Галиндес - [115]
– Прямо тут? В это? Зачем вам нужно это унижение?
Оно им нужно. Они почти улыбаются и усаживаются поудобнее.
– Вы принесете мне воды помыться? И я надеюсь, вы выйдете.
Они словно не слышат твоих вопросов. Двум из них надоедает сидеть в позе участников квартета, и они прислоняются к стене, третий начинает расхаживать по комнате, как заключенный по камере, и только главный нефит сидит и не сводит с тебя глаз – таксидермист так смотрит на зверька. И тут он начинает говорить – это самый длинный монолог из всего, что он произносил до сих пор. После того, что он скажет, уже нельзя повернуть все вспять, нельзя забыть этих грязных слов, которыми он перепачкал и себя, и тебя; кажется, что даже в жестяной банке полно дерьма.

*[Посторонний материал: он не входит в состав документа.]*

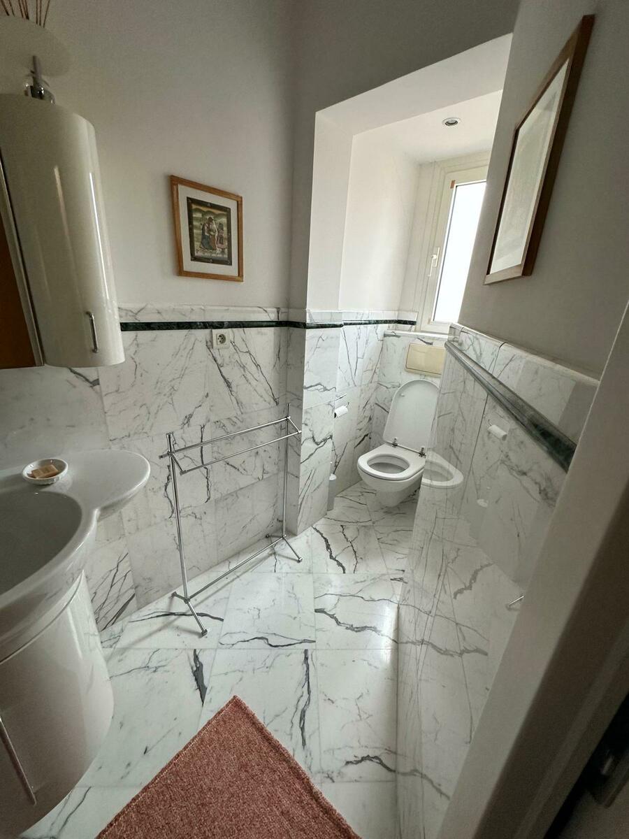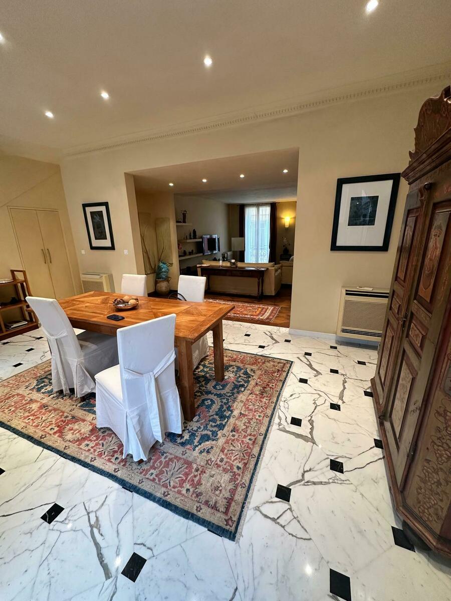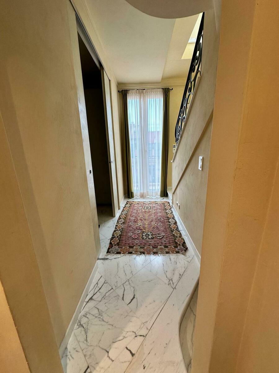 Distribuito su tre livelli, questo appartamento di quattro vani è in perfette condizioni e decorato in stile “Fiorentino”, con materiali di alta qualità: pavimenti in legno pregiato, doppi vetri e aria condizionata. L’immobile gode di una splendida vista aperta sui tetti del Roccioso, sul Palazzo, sulla città e con un leggero scorcio mare.

– Да обосрись ты, стерва. Мы привыкли к дерьму, и раз ты отказалась нам помогать, мы будем смотреть, как ты срешь, ссышь и на твои месячные заодно. А если тебе мужика приспичит, то мужиков мы тебе обеспечим, будут идти и идти, целый день. И мы еще делаем тебе одолжение, не отдаем тебя в руки других, потому что они не будут, как мы, церемониться с вонючей русской.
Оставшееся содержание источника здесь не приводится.